Items from a dataset:
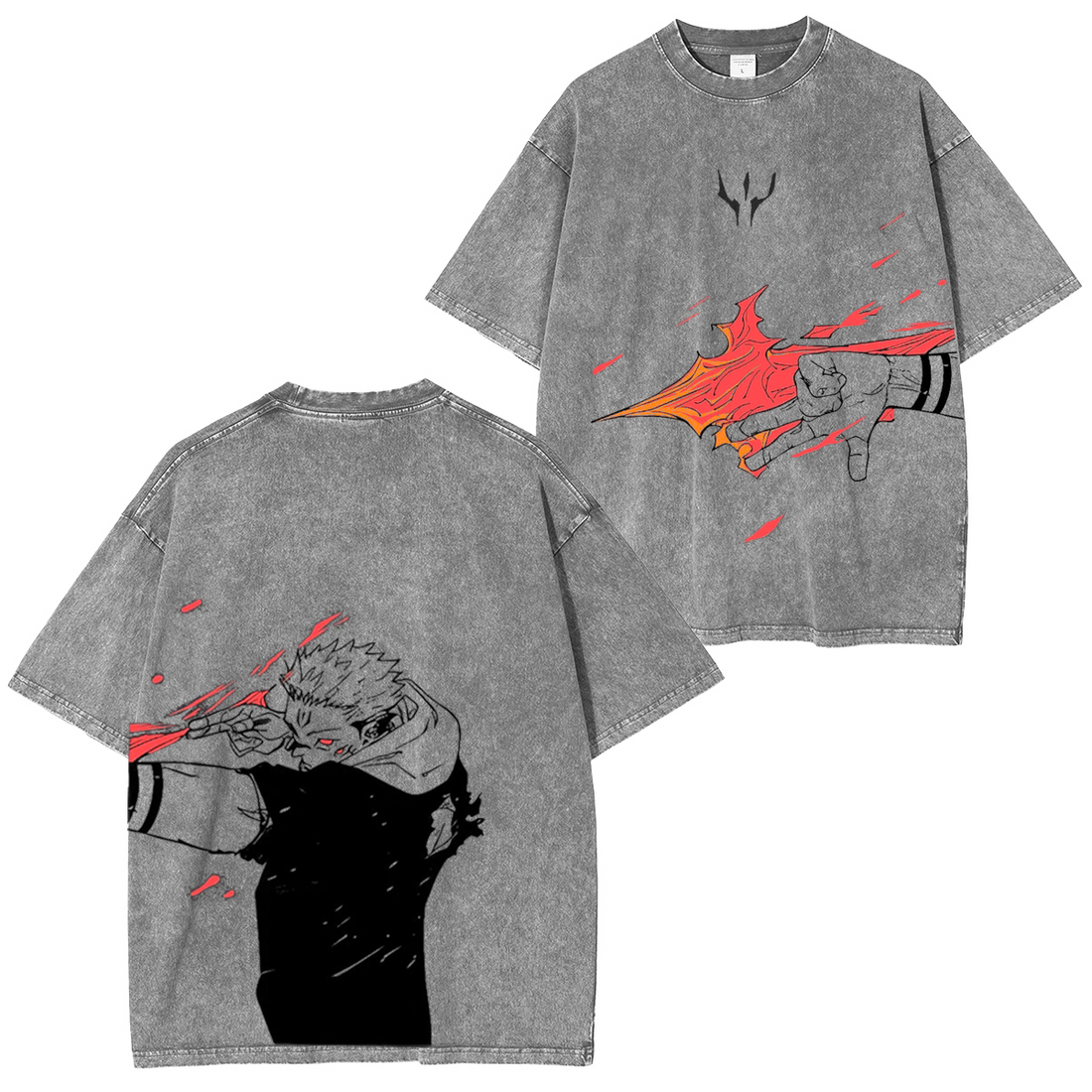 Jujutsu Kaisen Anime Acid Washed Oversize T-Shirt Yuji Itadori Anime Tee Gift For Him
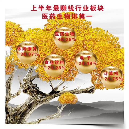 行业板块方面,上半年医药生物无悬念当选年内最赚钱板块,涨幅高达40.28%。排在该板块后四位的依次是休闲服务、电子、食品饮料、计算机,涨幅分别为30.07%、24.49%、23.28%、21.75%。
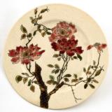 Tányér, peóniaágas díszítménnyel, 1882, Dekorterv és kivitel: Zsolnay Júlia
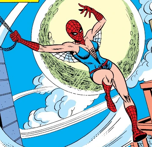 For What If #7 (February 1978), Glut and Hoberg had imagined that three different characters, including Spider-Man’s first girlfriend, Betty Brant, “had been bitten by the radiative spider.” Spider-Girl, the lone female variant, initially avoids using her super-strength but then accidentally kills a criminal and so chooses to end her superhero career.
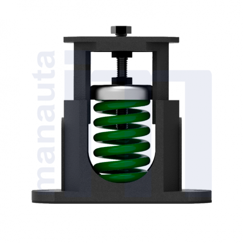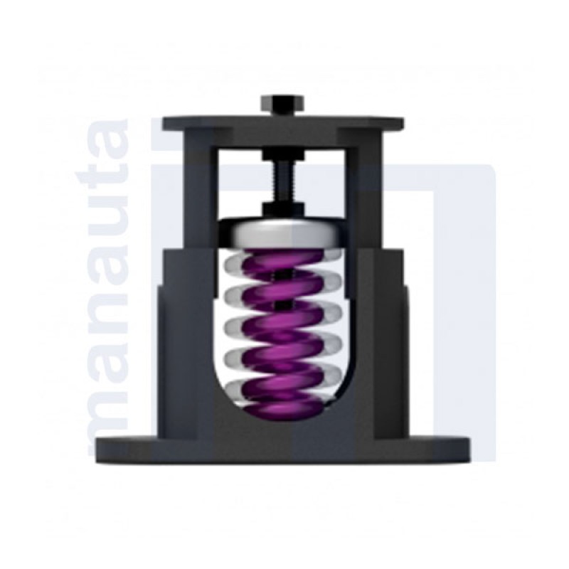 The RSA supports have the advantage of the great deflection of the springs next to the casting shell that functions as an exoskeleton that protects the spring from movements of stops and starts of the equipment or from abnormal vibrations. Its anti-slip rubber base also performs the function of absorbing vibration and noise. To increase the load of these supports can be put a inner spring C99L lilac that gives 130 kg. more cargo with the same deflection. Comply with ASRHAE, book Applications, chap. 47, sec. 47.44, type 4 “Restrained spring isolators”.
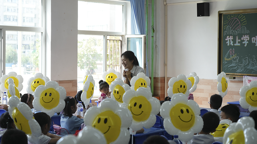 此时,同学们在操场上跟随着音乐老师们快乐地学习上学歌、跳上学操、诵上学谣。稚嫩的声音,爽朗的笑容,可爱的动作,一切都彰显着孩子们对校园生活的喜爱与向往。
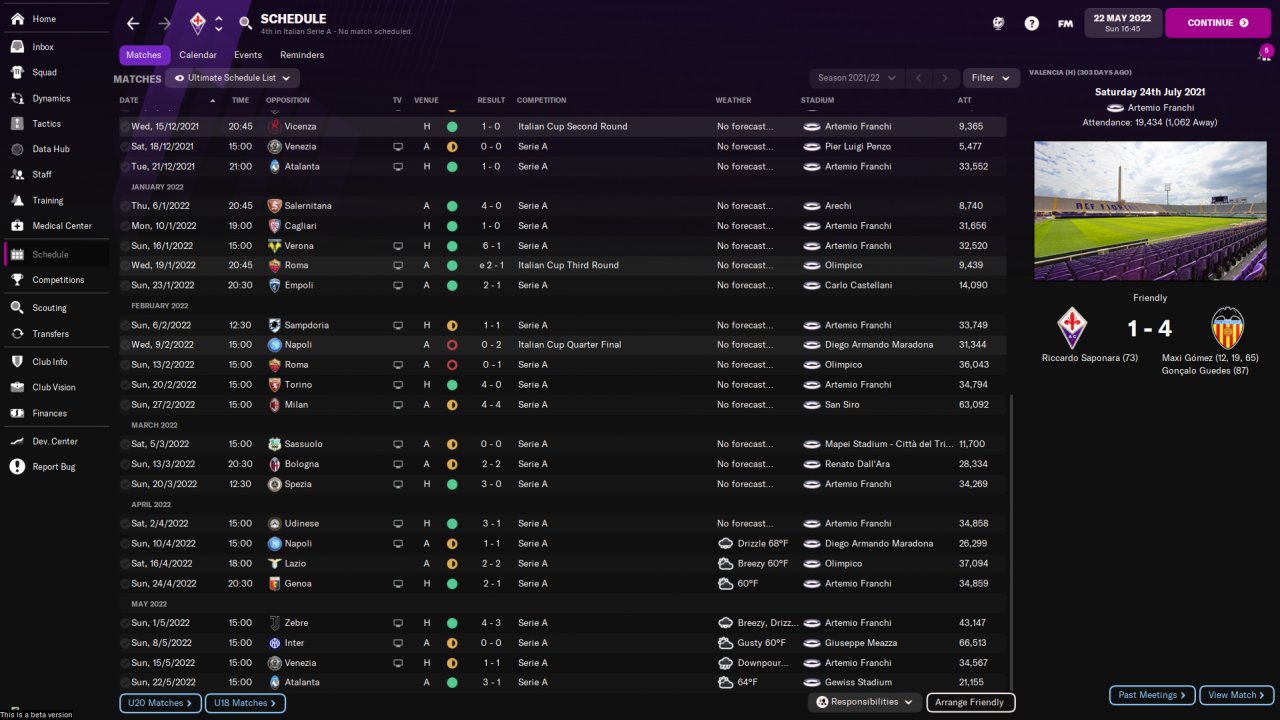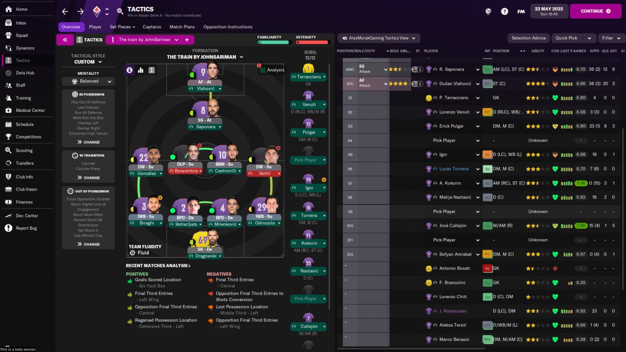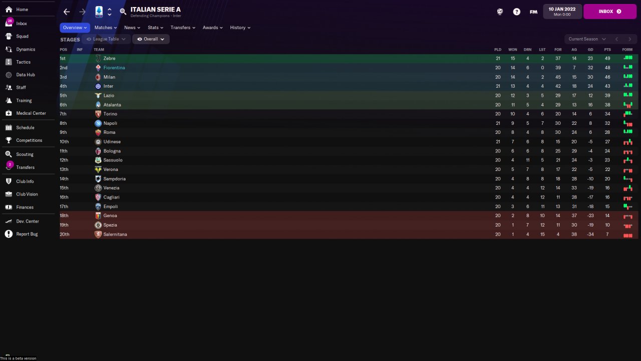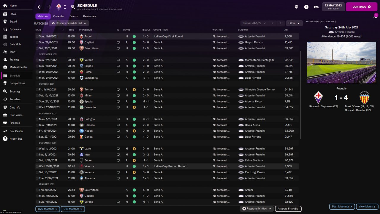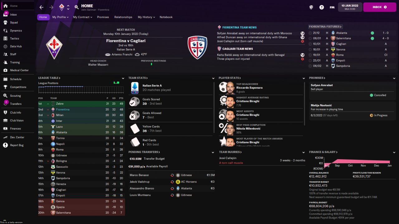 here you see the best tactic for the beta! we started so well but in the end of the seasson team was tired.If you have a strongly forward like Vlahovic and speedy BPD you will score a lot and defence will be better. I decided to play with balance mentality but positive also going well. DW also worked very very good.This save with Fiorentina IS WITHOUT ANY TRANSFERS!!!Waitting your opinions!
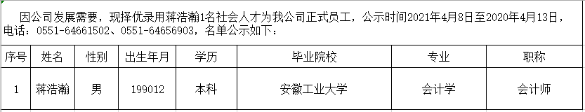 2021年擬錄用社會(huì)人才公示
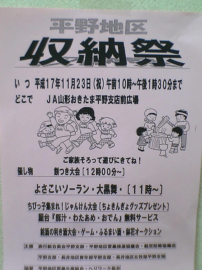 今年の実りに感謝して平野地区大収納祭が11月23日(祝)に開催されます。
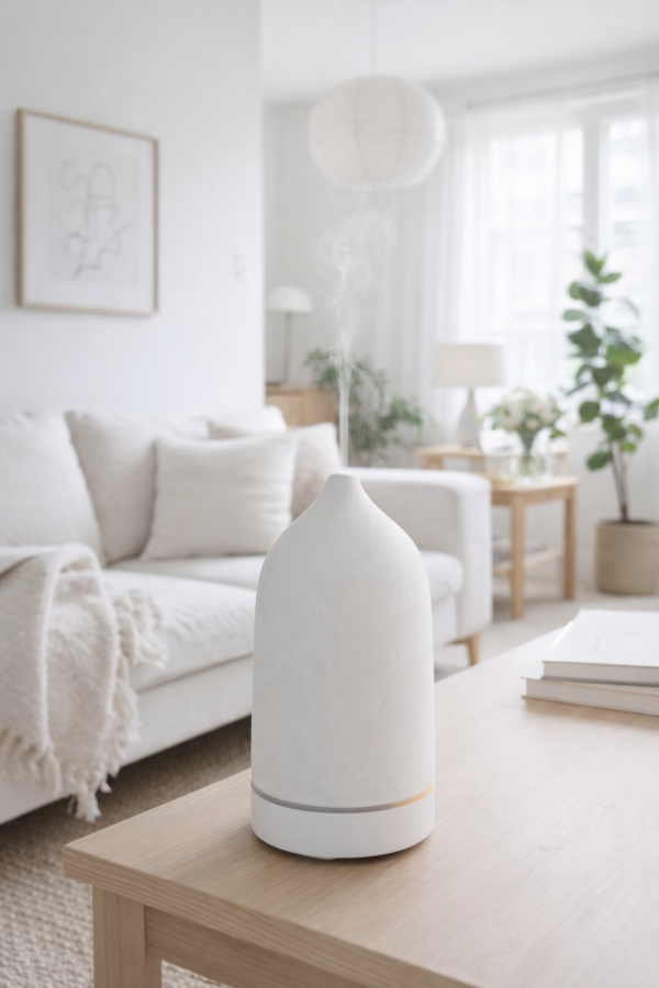 Amfora to ceramiczny dyfuzor zapachowy, który łączy estetyczny, minimalistyczny wygląd z wygodnym użytkowaniem na co dzień. Dzięki technologii ultradźwiękowej rozprasza wodę z dodatkiem olejków eterycznych w postaci delikatnej mgiełki, pomagając stworzyć przyjemną atmosferę w domu, sypialni, gabinecie lub miejscu pracy.
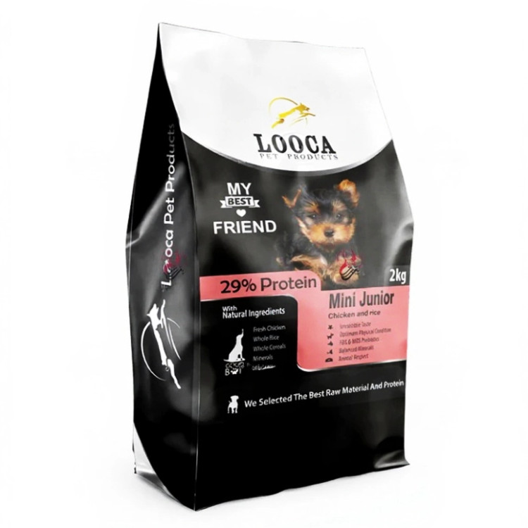 غذای خشک پاپی نژاد کوچک لوکا مدل مینی جونیور، وزن ۲ کیلوگرم، با طعم اصلی مرغ و برنج، مخصوص توله سگهای نژاد کوچک طراحی شده است.
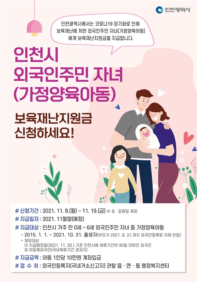 인천광역시는 관내 거주하는 외국인주민 자녀 중 가정에서 양육하는 아동에게 1인당 10만원씩 보육재난지원금을 이달 말에 지급한다고 1일 밝혔다.
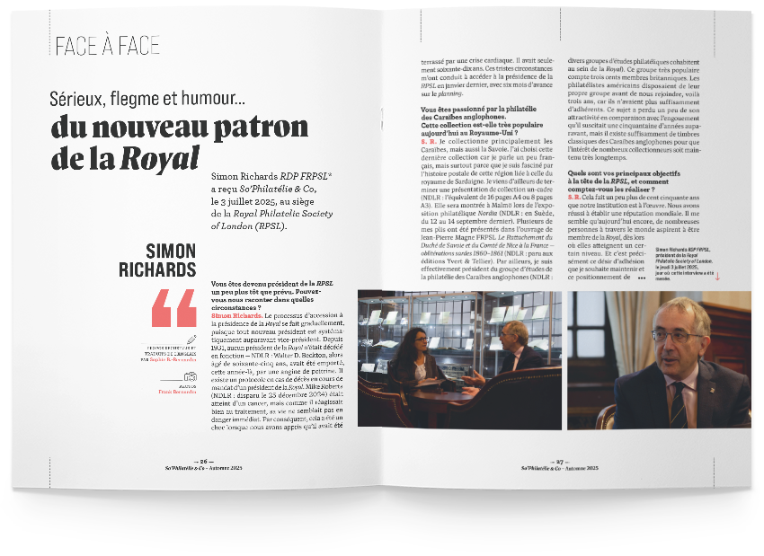 Pour le numéro 1, Simon Richards, le président de la Royal Philatelic Society of London, s’est brillamment livré à ce double exercice de l'interview et du questionnaire de So'Philatélie, inspiré du questionnaire de Proust.
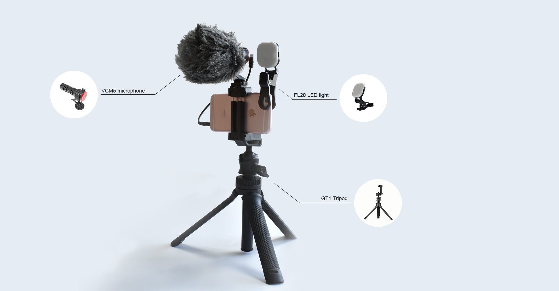 vcm5 - это микрофон с суперкардоидными характеристиками, который должен обеспечить его направленностью, подходящей для голосовых записей. Полоса переноса микрофона находится в диапазоне от 50 Гц до 20 кГц, что обеспечивает отношение шума до 72DB SPL. Максимальный уровень давления SPL составляет 130 дБ. Для зарядки встроенной батареи, которая питает лампу, он получает USB -кабель. Общий вес набора составляет 280 г, максимальная высота штатива составляет 25 см, и если мы хотим использовать его в качестве селфи, даже 90 см. Штатив изготовлен из ABS.
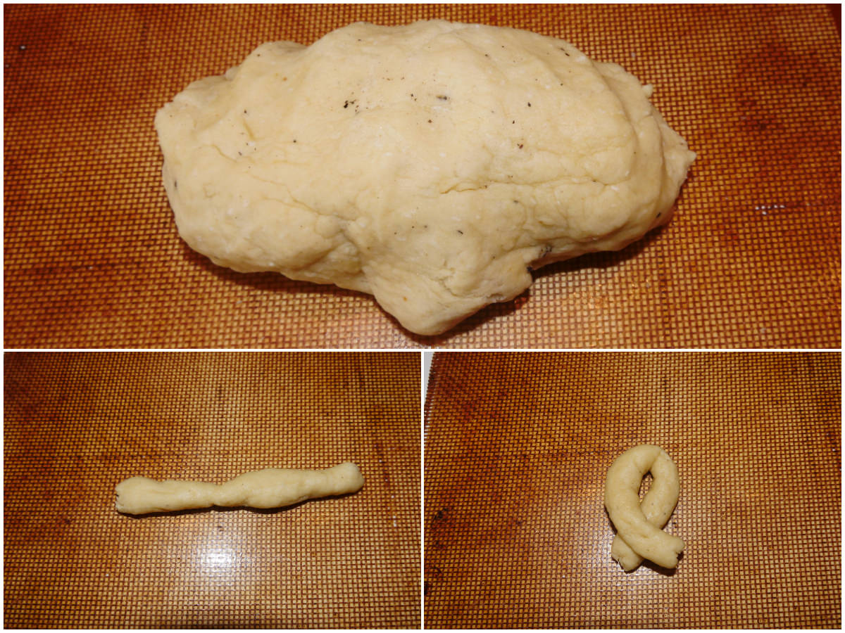 Riprendete l'impasto e iniziate a ricavare dei cordoncini spessi circa 1 cm e lunghi 8-10 cm.

Instructions for the task: Give the lines again word for word, from the start of the records to the line holding "For What If", both included, and leave out any picture.

Response:
 Jujutsu Kaisen Anime Acid Washed Oversize T-Shirt Yuji Itadori Anime Tee Gift For Him
 行业板块方面,上半年医药生物无悬念当选年内最赚钱板块,涨幅高达40.28%。排在该板块后四位的依次是休闲服务、电子、食品饮料、计算机,涨幅分别为30.07%、24.49%、23.28%、21.75%。
 Tányér, peóniaágas díszítménnyel, 1882, Dekorterv és kivitel: Zsolnay Júlia
 For What If #7 (February 1978), Glut and Hoberg had imagined that three different characters, including Spider-Man’s first girlfriend, Betty Brant, “had been bitten by the radiative spider.” Spider-Girl, the lone female variant, initially avoids using her super-strength but then accidentally kills a criminal and so chooses to end her superhero career.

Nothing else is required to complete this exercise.